Real & Virtual Worlds — Week 3 (Viewing/Reviewing)

This week on Real & Virtual Worlds I spent the majority of my time for this unit on the PowerPoint presentation we are due to present on Monday. This one was a particularly interesting situation for me, as the topic options we were given related to a project I was already working on in my spare time.

Of the options we were given, the theme I ended up deciding on was primarily that of Autonomous vehicles and future transportation. For this purpose, the idea of a logistics game where you manage a science fiction space station seemed to fit well, with automated vehicles coming in and out of the station as you gradually improve the station.

I did struggle to try to find some references and research for this idea specifically, as there aren’t a lot of logistics games specifically in virtual reality, so instead I looked more towards traditional video games for inspiration, and using some virtual reality games as more of a visual inspiration than a mechanical inspiration.

The key thing I had issue with here was creating a “message” for my idea. Something I realised last term was that I find it easy to come up with a mechanic or idea, but then struggle to translate that into a story. My goal isn’t to be a writer, so it’s not the biggest issue, but it’s something I’d like to be better at. I think the final message for this project is more of a positive one — Technological advancement isn’t necessarily bad or scary, we just need to be able to understand it more to make it appear less so. People of past generations had the same fears of video games, the internet, etc, so I can easily imagine themes like these being ones we see within our own lifetimes. I tried in the concept I came up with to reflect this attitude, keeping the game slow paced and enjoyable, to show that in some ways technology like this can be elegant and somewhat mesmerising to watch.


Outside of this project work, we were also asked to read, watch, and listen to a few things.

The first I watched of these was that of “The Matrix” (Specifically the first movie, in my case).

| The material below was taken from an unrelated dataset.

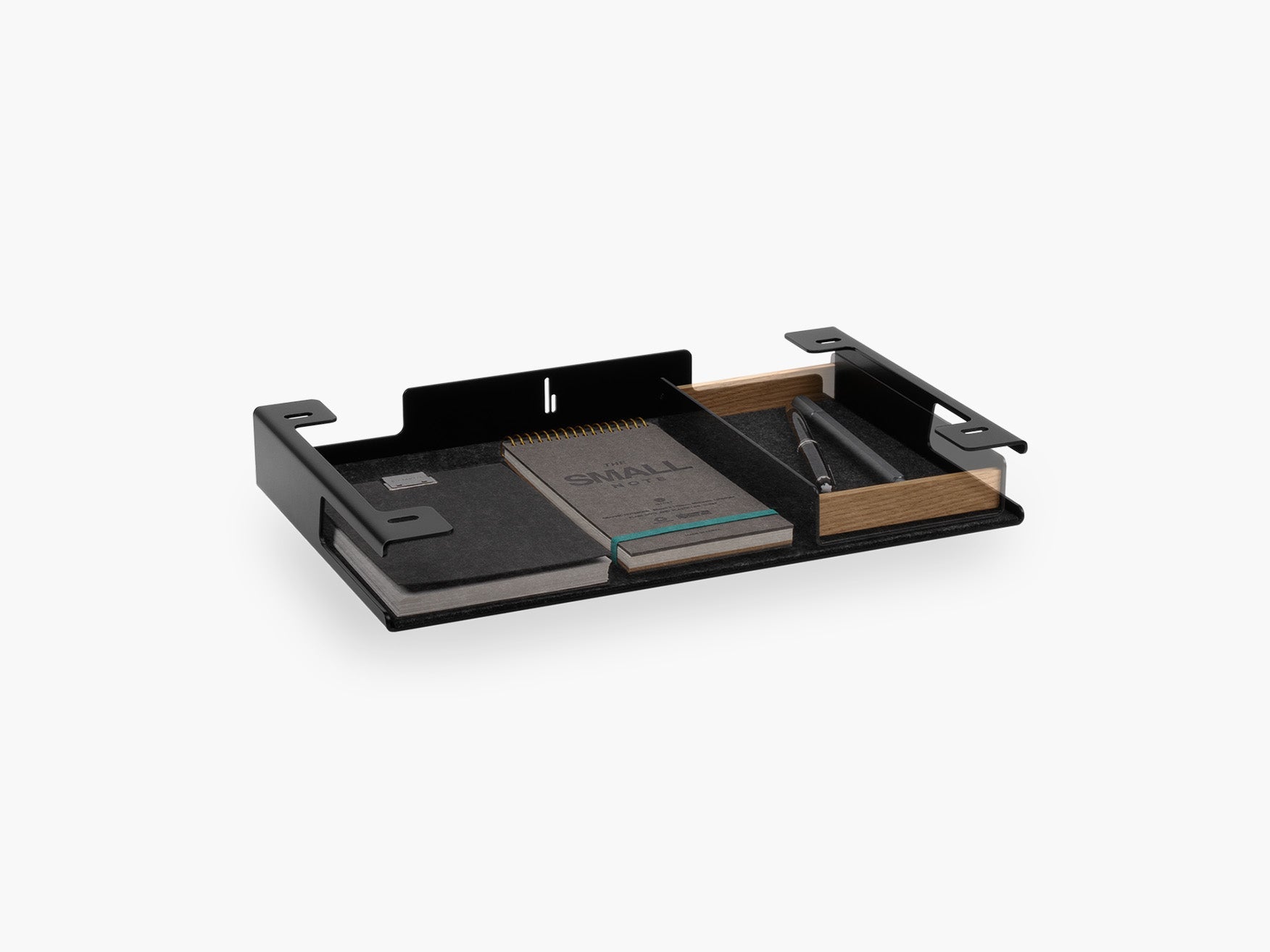 In seiner Funktionalität perfektioniert wird das Setup Cockpit durch eine Reihe modularer Zubehörteile. Diese können an den Montagepunkten des geschützten Montagerasters auf der Unterseite individuell angebracht werden. So wird das fließende Zusammenspiel zwischen Laptop, Smartphone, Kopfhörer und co. zu einer wahren Genugtuung. Für das Extra an Support bei mehreren oder besonders schweren Monitoren, kann der optionale Stützfuß mittig am Montageraster angebracht werden.

If I had more time, I’d love to watch the entire trilogy to see how it expands the story, but it was still a fun and thought provoking film to watch standalone. Despite how dated some of the CGI now looks in the film, a lot of its messages and pivotal themes still hold up, especially with the world becoming more focused on technology and the internet as time goes on.

The second reading I had the opportunity to listen to was that of the Voices of VR podcast. I’d actually listened to a couple of other episodes of this podcast following this course introducing me to another episode, so being able to listen to more of this was interesting. This one in particular interviewed Kai Reimer, his research into virtual reality, and how it will affect daily life as it becomes more adopted into the societal norm. Mainly they discussed the philosophical implications of virtual reality, talking specifically about phenomenology and embodiment issues within virtual spaces.

I found the discussion about the fundamental connections between mind and body really interesting, as (at least for now), one can’t exist without the other. Particularly he mentioned how the body is used within language, with bodily metaphors, body motions or actions, or other things that help with communication. This brings me back to things I studied in psychology back in school, how things like how your body posture affects peoples attitudes towards you, and I can easily see how virtual spaces can remove this aspect of communication, which may be potentially re-introduced within virtual reality spaces due to the inclusion of bodily movement.

The last reading for this week was “From Illusion to Immersion” by Oliver Grau. I have some thoughts on this reading that I’ve not yet fully thought out, but have notes on. I will amend this part of the blog to add to this part with my thoughts, as with the powerpoint work going on I didn’t have time to fully actualize my thoughts here.